This study has several limitations. First, Fahrenheit cannot measure muscle contractions that occur in the absence of joint articulation, as it can only detect changes in the joint angles of the virtual hand derived from the recordings of the two IR cameras. Thus, Fahrenheit cannot detect changes during a transitional period, such as the transition between flaccid paralysis in BRS stage I to voluntary slight mass grasp in BRS stage II. Second, a selection bias could have limited the results of this study because the subjects of this study were patients with CeVD in the acute phase. It is unclear whether Fahrenheit can be used to evaluate hand motor function in patients with hemiparesis following CeVD in the chronic phase. In this study, we could not collect data on the muscle strength, tone, and somatosensory function that affect finger paralysis. Since the patients in this study were recruited in the acute phase, the experimental period was limited, and it was not possible to measure the muscle strength. With these detailed data, the prediction of finger paralysis would have been more accurate.
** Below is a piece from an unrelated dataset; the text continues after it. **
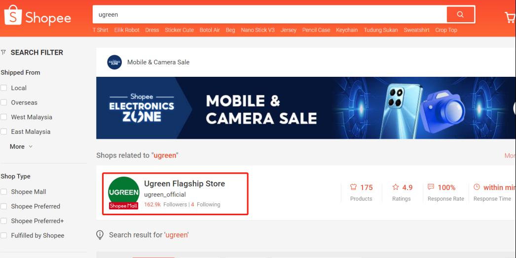 图/绿联在Shopee品牌店铺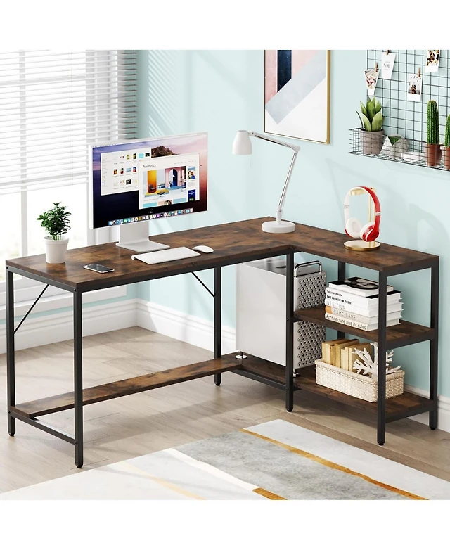 48 Inch Reversible L Shaped Computer Desk with Adjustable Shelf

Third, the study was likely underpowered based on the sample size calculation, which could contribute to an increased likelihood of type 2 errors. It is also difficult to predict whether these results are reproducible. To comprehensively evaluate Fahrenheit and reduce the likelihood of type 2 errors in future studies, it is necessary to repeat this study with a larger sample size, a homogeneous group of participants, where data from mild to severe will be obtained, and in which researchers ensure that patients comply with the described process and methods.
Regarding the hand movements of patients with stroke, the movements of the shoulders and elbow joints are small, the displacement of the trunk is large, and the exercise time is long [23]. In this study, since the hand movement involves multiple joints including the joints in the trunk, patients could maintain the sitting position, and their hand function was evaluated with the forearm fixed with the arm rest. This position was adopted because the patient’s hand movement had to be detected from beneath the position with an infrared camera. Therefore, the patients were required to maintain the wrist joint in the air, and it cannot not be ruled out in this experiment that this continuous movement induced spastic contraction. If the movement of the patient’s hand was affected by the position of the forearm and muscle tones of the other body, it is necessary to keep the wrist joint fixed and analyze the movement of fingers in a subsequent experiment.

5. Conclusions

The results of this pilot study suggest that Fahrenheit, a new method for assessing finger motor function, may be a valid method for evaluating prognosis and treatment efficacy in patients with hemiplegia following CeVD. In addition, we were able to find a cut-off value derived from the movements recorded by Fahrenheit to determine whether patients were able to perform the required hand movement in each task. Fahrenheit may be useful from two clinical perspectives. First, it enables clinicians to assign a numeric value to a specific finger movement, and thus, help quantify motor function. This makes pre- and post-treatment comparisons more detailed and easier than previous assessments. It also enables clinicians to detect subtle signs of recovery or deterioration and evaluate treatment efficacy. Second, Fahrenheit can aid the visualization and recording of results as electronic data. This can be used to motivate patients and set treatment goals, and may enable the provision of remote rehabilitation services in future. These findings are preliminary, and further research is required to validate these findings and determine whether the results obtained here are reproducible. Further development of Fahrenheit is needed before it may be suitable for clinical application.

Author Contributions

Conceptualization, T.H. and T.S.; methodology, T.H.; software, T.H.; validation, T.H.; formal analysis, T.S. and S.Y.; investigation, S.Y.; resources, T.I.; data curation, T.S. and S.Y.; writing—original draft preparation, T.S. and T.I.; writing—review and editing, T.H.; visualization, T.S. and S.Y.; supervision, T.H.; project administration, T.H.; funding acquisition, T.S. and T.I. All authors have read and agreed to the published version of the manuscript.

Funding

The project described was supported by the Saitama Prefectural University (SPU) Grant (15001) and JSPS KAKENHI (C) (21K11220).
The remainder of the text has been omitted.